É certo que Platão teria podido subscrever o slogan mussoliniano “Tudo dentro do Estado, nada fora do Estado, nada contra o Estado”. E é também certo que teria podido escrever de seu punho e letra uma declaração como a aparecida no Pravda em 21 de agosto de 1946: “O dever da literatura é ajudar adequadamente ao Estado a educar a sua juventude, responder a suas necessidades, educar à nova geração a ser valorosa, a crer em sua causa, a mostrar-se intrépida perante os obstáculos e preparada para superar todas as barreiras…”.

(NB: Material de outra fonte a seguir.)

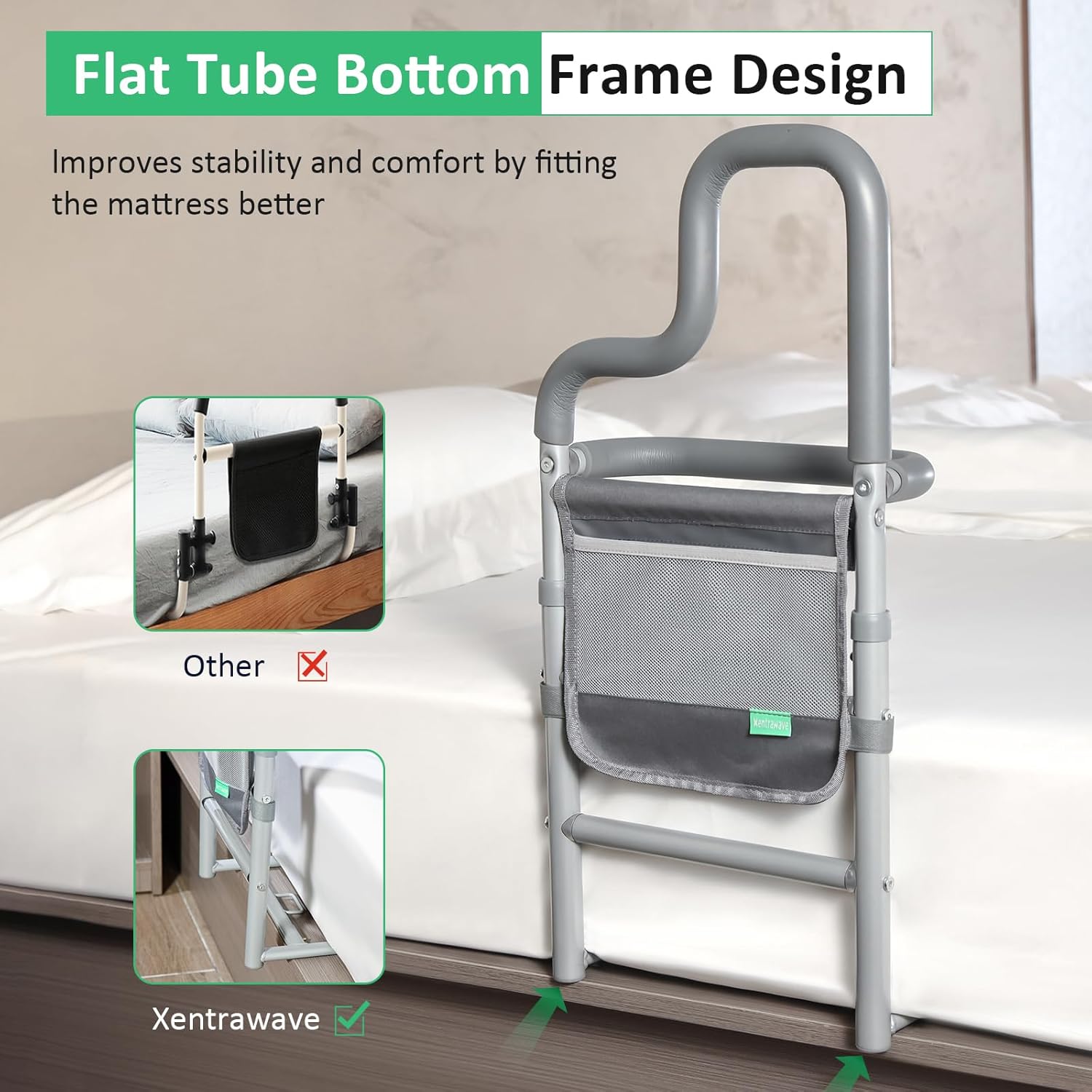 - Very Study & Heavy duty Bed Rail: The bed safety rail is built with a premium steel frame and three horizontal stabilizing bars for maximum stability, supporting up to 300 lbs. Unlike other bed assist bars with circular tube bases, ours features a flat tube base for comfortable and safe use.

O totalitarismo platônico não nasce somente da concepção do Estado como um macro-homem, como unidade orgânica, mas sim também da consciência da descomposição social, da crise da cidade grega que exigia soluções drásticas, medidas urgentes e coercitivas. Nasce da consciência de que a antiga classe dirigente estava morta e a nova não estava ainda preparada. Visto desde esta perspectiva, o totalitarismo platônico representa relevantes coincidências históricas com o totalitarismo modernos, surgido para substituir as elites políticas derrubadas pelas revoluções liberais. Ambos totalitarismos, nascidos de uma meditação pessimista sobre o momento presente, acusam um otimismo fundamental. Crer que um Estado, uma civilização, possam ser salvos mediante o domínio de uma única idéia é, antes de tudo, uma manifestação de esperança. Somente se está disposto a reconhecer uma autoridade política ilimitada a aquele princípio do qual se aceita, fielmente, sua infinita bondade. Nesse sentido, o totalitarismo de Platão, a idéia do Estado-organismo, se apresenta a nós como um mito, como são mitos as concepções dos Estados fascista, nacional-socialista e bolchevique. Considerando em suas linhas gerais, o mito do Estado platônico pode relacionar-se com as mais diversas tendências do totalitarismo moderno, sejam estas de direita ou de esquerda: “Na República pode-se encontrar a autorização a predicar a revolução social, a queda do capitalismo e o poder do dinheiro; porém igualmente pode-se encontrar uma justificativa da coexistência de dois sistemas diferentes de educação, uma para os poucos e outro para os muitos, e uma justificativa da classe dirigente hereditária”.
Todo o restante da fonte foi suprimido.